# Pic Of Loft And Snow, See The Birds?



## spirit wings (Mar 29, 2008)

just wanted to share a pic I like that I took from the woods line of my house.....can you see my white homers?...oh and my husband is in there too..


----------



## Jay3 (May 4, 2008)

Gee that's a nice picture.
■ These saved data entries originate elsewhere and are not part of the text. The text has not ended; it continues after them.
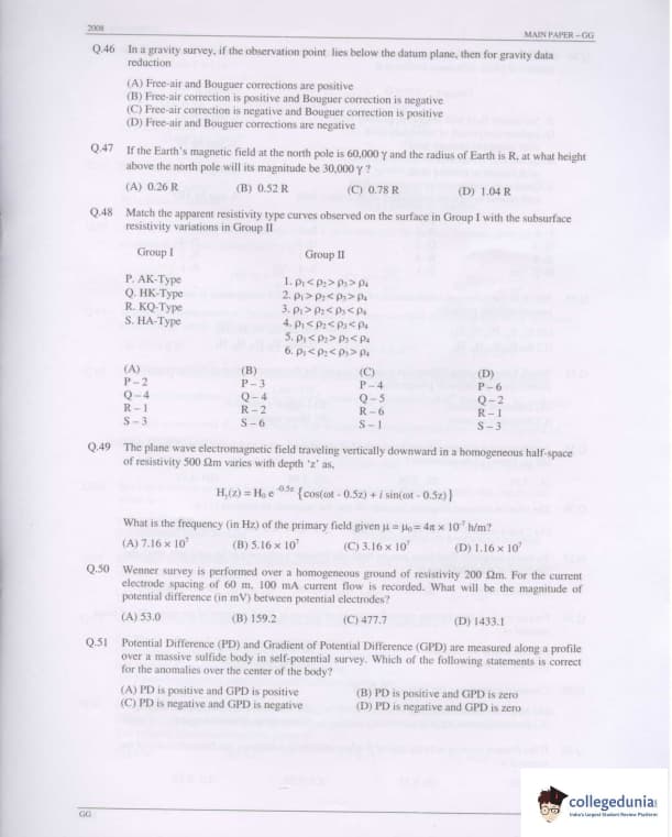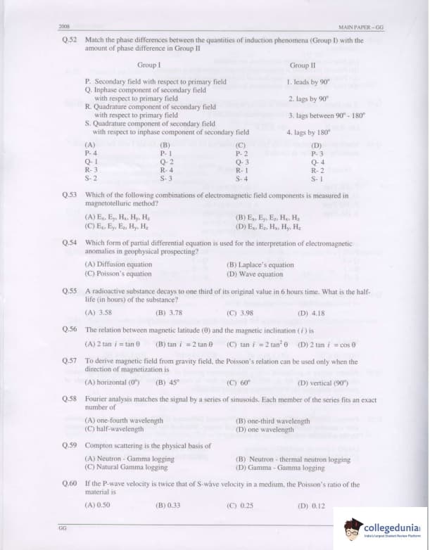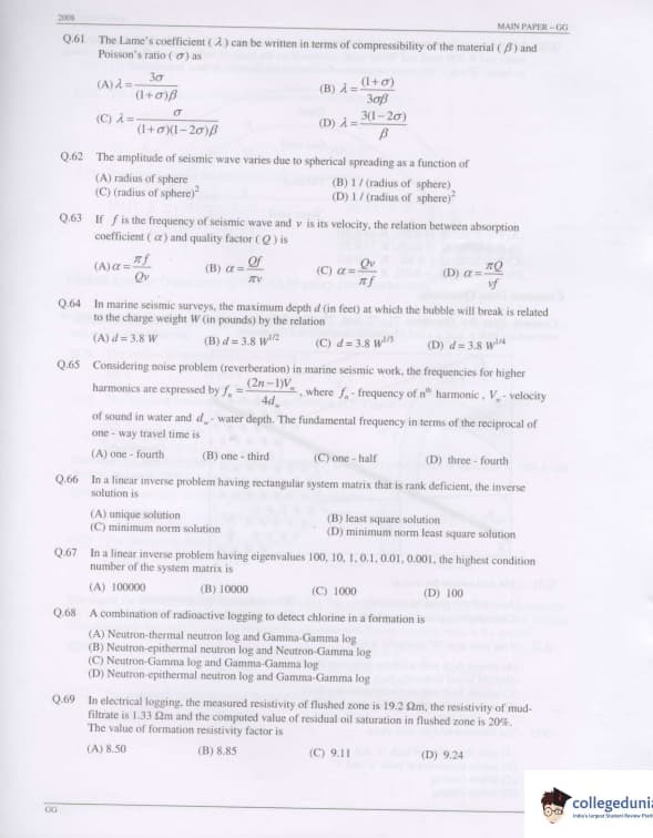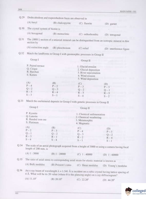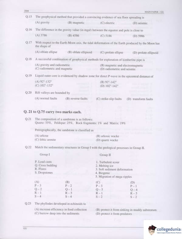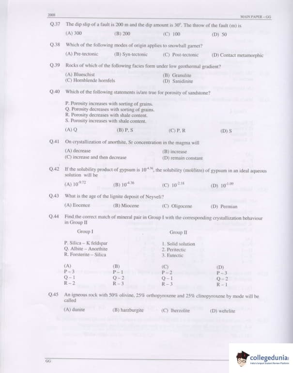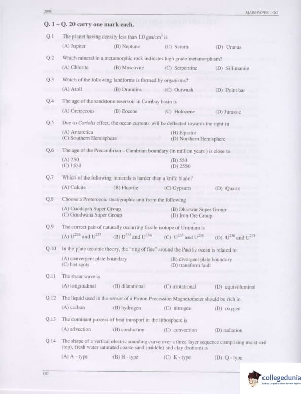 | GATE 2008 GG Question Paper | GATE 2008 GG Answer Key |
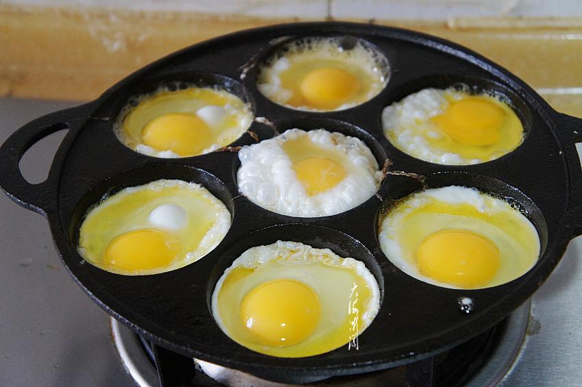 4、快速打入鸡蛋,最好在打入鸡蛋之前加少许面糊在底部,不过这个模子有点小,一个鸡蛋基本上灌满了,所以只能直接打鸡蛋,否则后边的肉馅放不进去了;
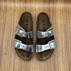 Birkenstock Arizona Soft Footbed Womens Sandals EU 36 US 5 Metallic Silver
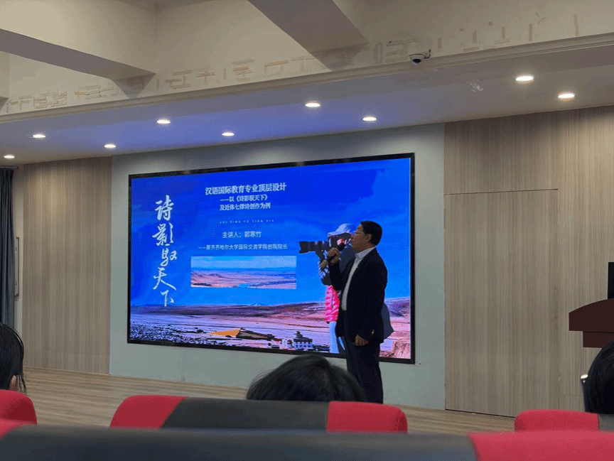 特邀原齐齐哈尔大学国际交流学院创院院长郭寒竹,开展了主题为“汉语国际教育专业顶层设计——以《诗影驭天下》及近体七律诗创作为例”的专题讲座。本次活动由国际中文教育学科负责人洪水英副教授主持开场,周军副院长出席并作点评,全体汉语国际教育专业学生到场聆听。讲座伊始,郭寒竹高屋建瓴地指出,汉语国际教育专业的核心目标在于培养“阅古览今、学贯中西、兼容并蓄”的国际汉语教师。他强调,该专业的知识结构横跨语言、文化及跨学科等多个领域,学生在四年的大学时光中必须保持求知的“饥饿感”与紧迫感深耕不辍,方能精准把握汉语的独特魅力与跨文化传播的要义。他特别提出,英语与古典文学是该专业建设的两大核心支点。他分享了齐齐哈尔大学在英语能力培养方面的成功经验:通过开设专项课程、组织英语角和朗诵大赛等多元活动,曾创下四六级通过率比肩顶尖高校的佳绩,更是在孔子学院大会上荣获由国务院副总理亲自颁发的“汉语国际先进志愿者”荣誉称号,充分彰显了扎实的专业育人实力。随后,他通过生动的翻译实例,向同学们直观展示了双语能力与古典文学底蕴相结合的专业魅力。他将英文短句“I love three things in this world. The sun, the moon and you. Sun for morning, moon for night, and you forever”优美地译为“吾爱有三,日月与卿。日为朝,月为暮,卿为朝朝暮暮”;将“Nobody is nobody”巧译为“芸芸众生,各有不凡”。这些精妙的翻译让在场学子深刻体会到,古典文学能为语言表达赋予极大的张力与意境。
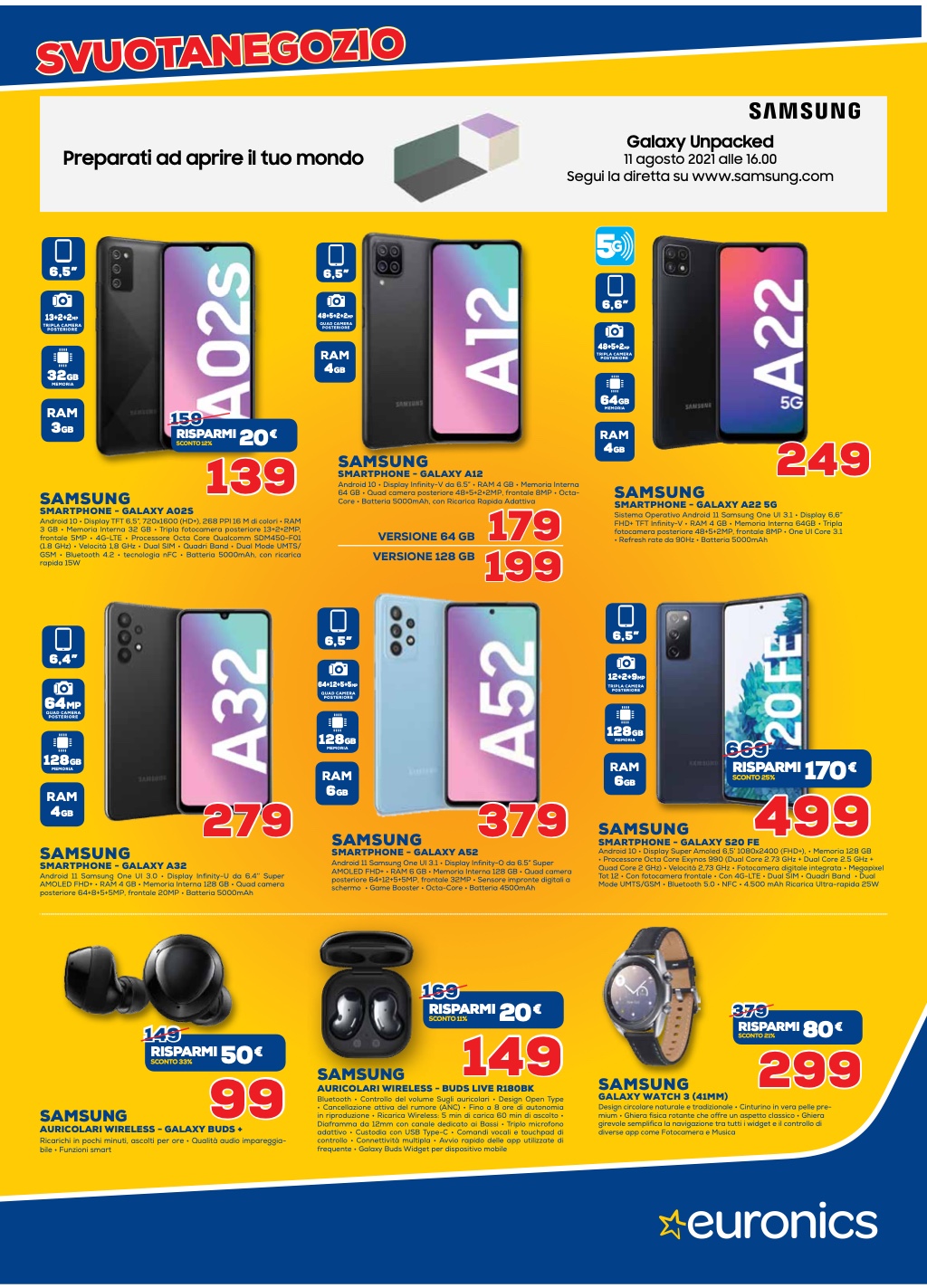 Il volantino di Euronics, valido fino al 25 agosto 2021 per tutti i punti vendita del gruppo “Nova”, include un’ampia selezione di smartphone Android, su cui ci saranno sconti tra il 15% e il 40% sul prezzo di listino e la possibilità, in taluni casi, di un finanziamento in 10 rate a tasso zero (TAN 0%, Taeg 0%). Tuttavia gli smartphone non sono, come anticipato, gli unici prodotti interessanti in promo, per cui abbiamo comunque deciso di segnalarvi a seguire le migliori offerte anche su diversi smart TV, notebook e tablet.
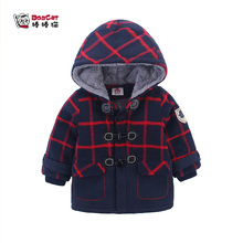 男童格子加绒大衣冬季男婴儿童装中长款女童宝宝加厚冬装棉衣外套
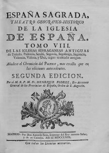 Palencia, Setabi, Segovia, Segobriga, Segoncia, Valencia, Valeria y Urci. Madrid: Oficina de Antonio Sanz, 1769. 8º mayor. 4 h. + 651 p., 2 láms. (una plegada). Texto a dos columnas. Enc. en pergamino, cortes pintados.
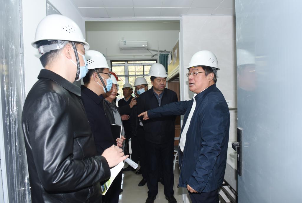 史国君书记一行实地察看并听取了建设方对学生宿舍项目的建设进度、样板间、疫情防控情况的汇报,就项目的建设、管理与参建各方进行了深入交流,要求建设方和参建各方做到以生为本,从方便学生的细微处着想,对样板间的细节优化提出了指导意见。
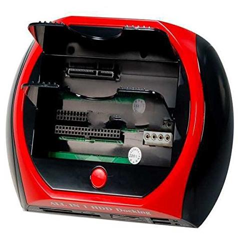 Docking Station 875J All-In-One dual SATA / IDE HDD con un pulsante di backup per 2.5 "/3.5" SATA / IDE HDD (nero + rosso)
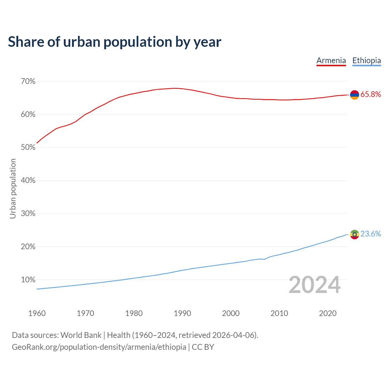 From 2006 to 2026, population density in Armenia decreased by 3.47%, compared to a 72.2% growth in Ethiopia.
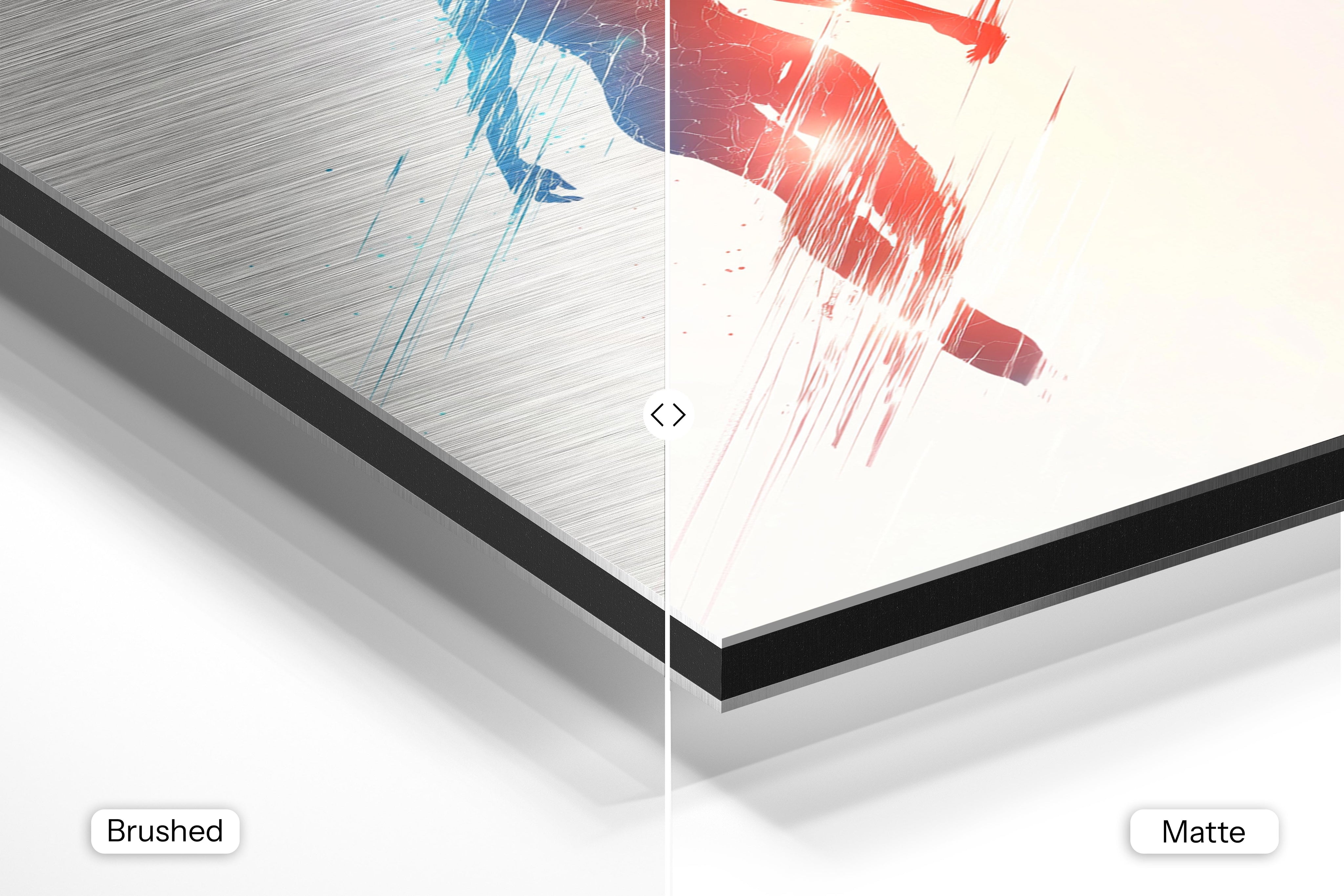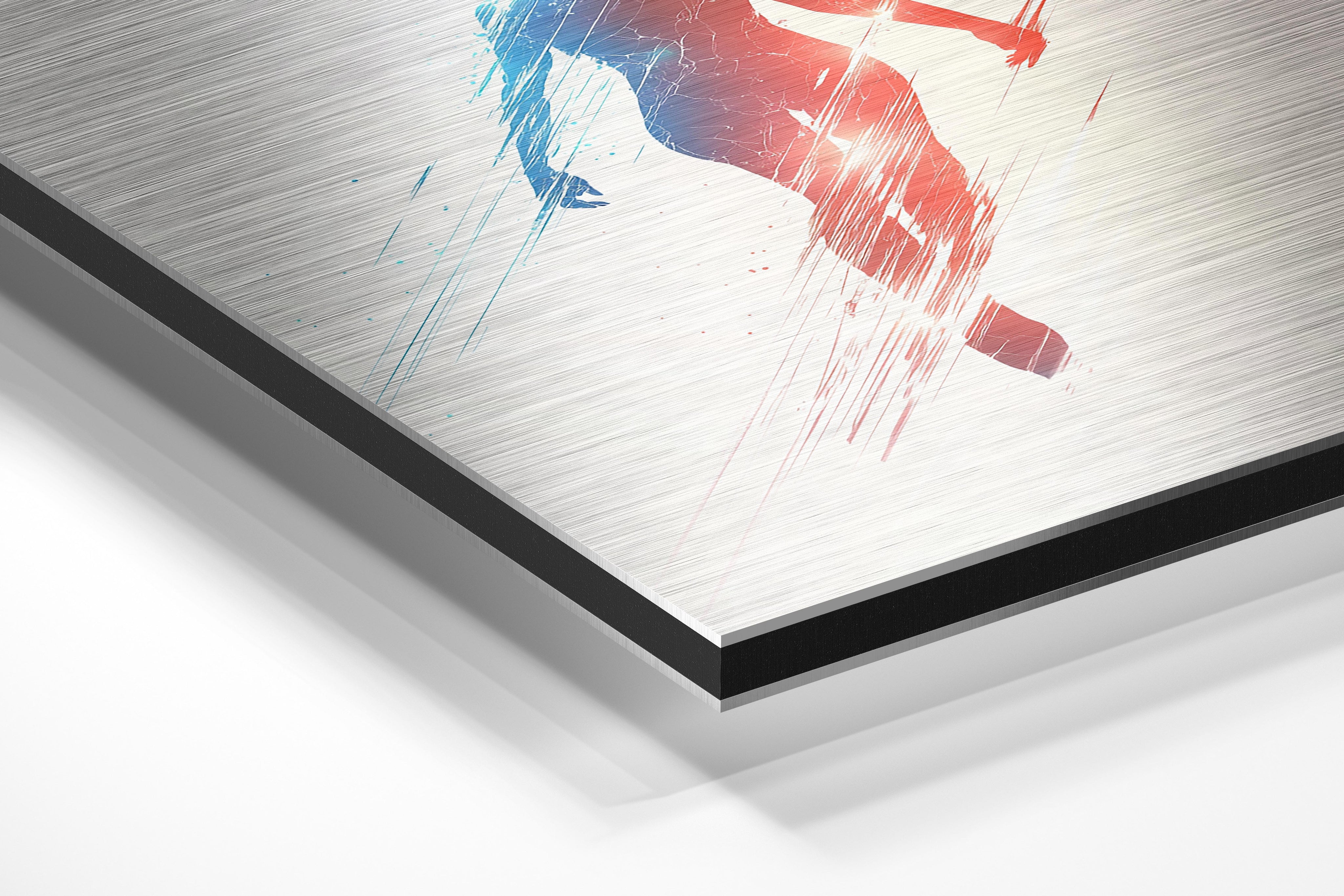 - Brushed Aluminum, on the other hand, features a raw metallic texture with visible brush strokes. Whites and highlights in your image let the silver surface show through, adding a dramatic, shimmering effect. Ideal for black-and-white images, minimalist designs, or abstract art, it creates a bold, industrial vibe with a modern edge.

The white birds flying overhead complete the scene.


----------



## Skyeking (Jan 17, 2003)

That picture is just beautiful, Michelle.

It looks so heavenly.


----------



## c.hert (Jan 15, 2010)

Beautiful picture and nice birds flying too and it does complete the scene--Christmas kinda like...c.hert


----------



## c.hert (Jan 15, 2010)

Is that a rooster or something on the ground???c.hert


----------



## rackerman (Jul 29, 2009)

*Nice place, still have snow there too........*


----------



## spirit wings (Mar 29, 2008)

c.hert said:


> Is that a rooster or something on the ground???c.hert


no, that is my terrier Hazel, the chickens do not like coming out in the snow...they prefer to be in their dry "thick pineshavings floor" coop..


----------



## g0ldenb0y55 (Dec 23, 2008)

look at all that snow! awesome scenery and the white birds do fit right in for that shot!


----------



## c.hert (Jan 15, 2010)

Spirit wings: I can tell your animals are spoiled....just make that rooster or hen go out in that snow--shove them out anyway who cares if its cold....good for their character build up lol.....nice picture....thanks.....c.hert


----------



## TerriB (Nov 16, 2003)

Beautiful picture! Thanks for sharing. (Says I, from the warm comfort of my livingroom.  )


----------



## Frank-NC (Jan 26, 2010)

nice pic, thx for sharing. looks cold though =/


----------